The prevalence of respiratory symptoms analyzed (in the absent of pulmonary infection or common cold):

Upper respiratory tract symptoms

Twelve-month period prevalence of nasal congestion, rhinorrhea, and sore throat, were not significantly different in wood workers that office workers (6.1% versus 5.8% for nasal congestion, p = 0.8575; 4.0% versus 6.9% for rhinorrhea, p = 0.1331; 18.5% versus 23.2% for sore throat, p = 0.1730) (Fig 2, and S1 Table).

Lower respiratory tract symptoms

Twelve-month period prevalence of cough, phlegm, chest tightness, and wheezing, were significantly higher in wood workers than office workers (40.2% versus 29.3% for cough, p = 0.0073; 40.6% versus 23.6% for phlegm, p<0.0001; 38.0% versus 23.1% for chest tightness, p = 0.0001; 25.3% versus 14.5% for wheezing, p = 0.0014). Prevalence of dyspnea was not significantly different in wood workers than office workers (21.3% versus 18.8% for dyspnea, p = 0.4573) (Fig 2, and S1 Table).

Respiratory symptoms in 8.4% of wood workers, described as a “major medical illness”, however only 4% of office workers described respiratory symptoms as a “major medical illness” during the last twelve months (p = 0.0336). Similarly, 9.6% of wood workers reported, respiratory illness as a reason for quit/change job during the last twelve months, compared to 3.9% of office workers who had to quit/change their job due to respiratory involvements (p = 0.0036).

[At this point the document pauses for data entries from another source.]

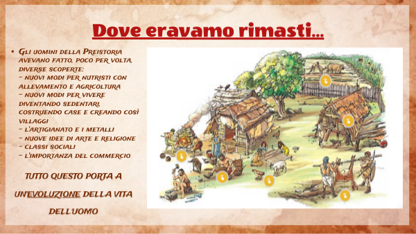 - Gli uomini della Preistoria avevano fatto, poco per volta, diverse scoperte:- nuovi modi per nutristi con allevamento e agricoltura- nuovi modi per vivere diventando sedentari, costruendo case e creando così villaggi- l'artigianato e i metalli- nuove idee di arte e religione- classi sociali - l'importanza del commercio
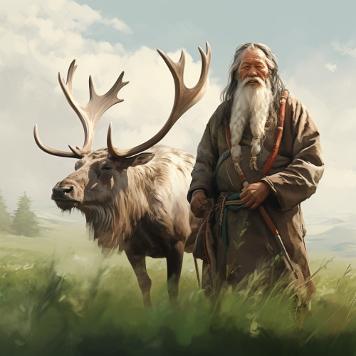 an old Kazakh nomad with a white beard and a pointy wizard hat roaming through the green grass steppe on the back of a brown elk, digital art, brush movement, painting style
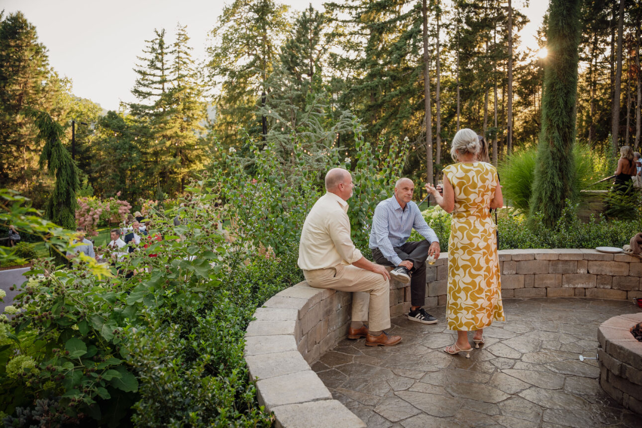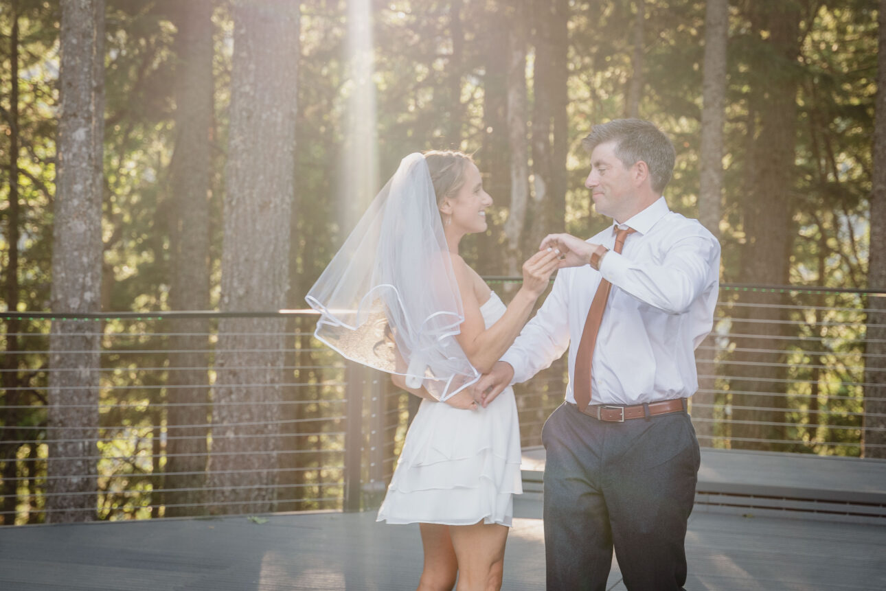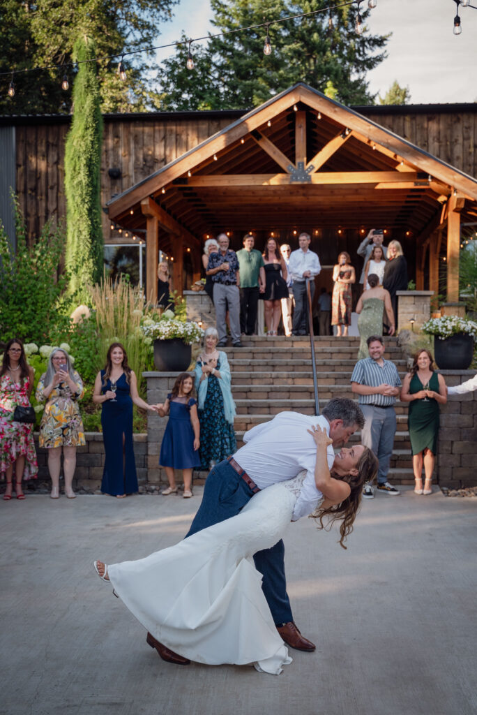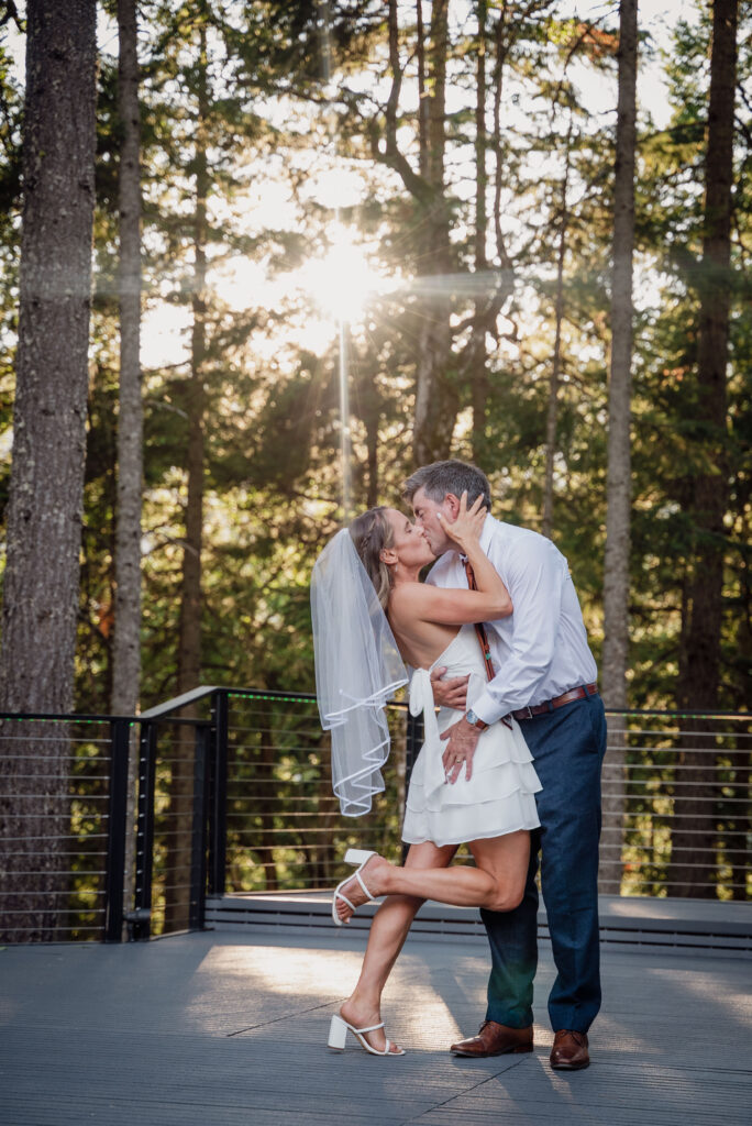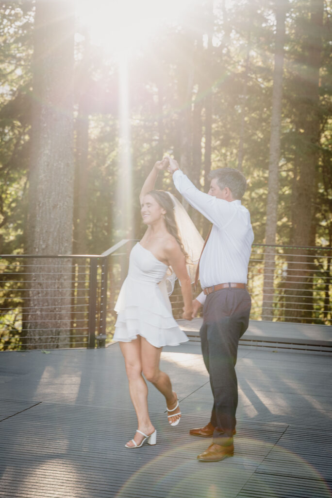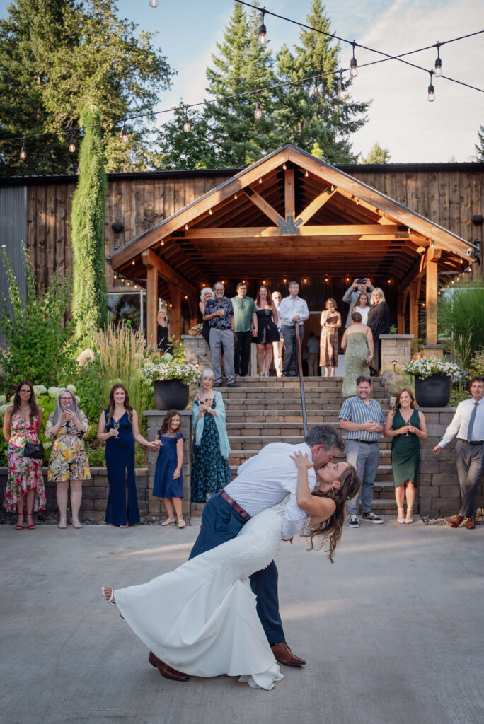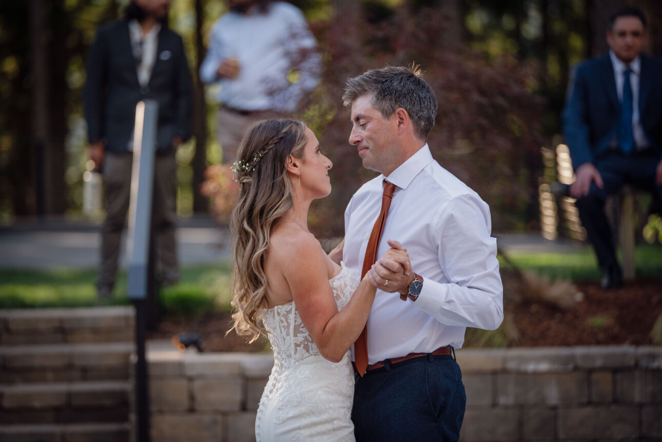 During the reception, I glanced toward the tree line and saw that golden hour light just beginning to glow behind it. I immediately went searching for the couple. Once I found them, we slipped off the dance floor and made our way to some beautiful bushes in full bloom—and just like that, golden hour was officially on.

Moreover, a significant difference was found in the prevalence of respiratory symptoms including cough, phlegm, chest tightness, among the wood workers with duration of exposure 15 years and longer compared to those with shorter duration of exposure at the actual workplace (45.93% versus 30.77% for cough, p = 0.01280; 55.23% versus 16.35% for phlegm, p<0.0001; 43.60% versus 28.85% for chest tightness, p = 0.0144) (Table 3). In contrast such difference was not identified for respiratory symptom in the last 12 months among the office workers.

Table 3. Twelve months period prevalence of respiratory symptoms, among wood workers with duration of exposure at the actual workplace more and less than 15 years.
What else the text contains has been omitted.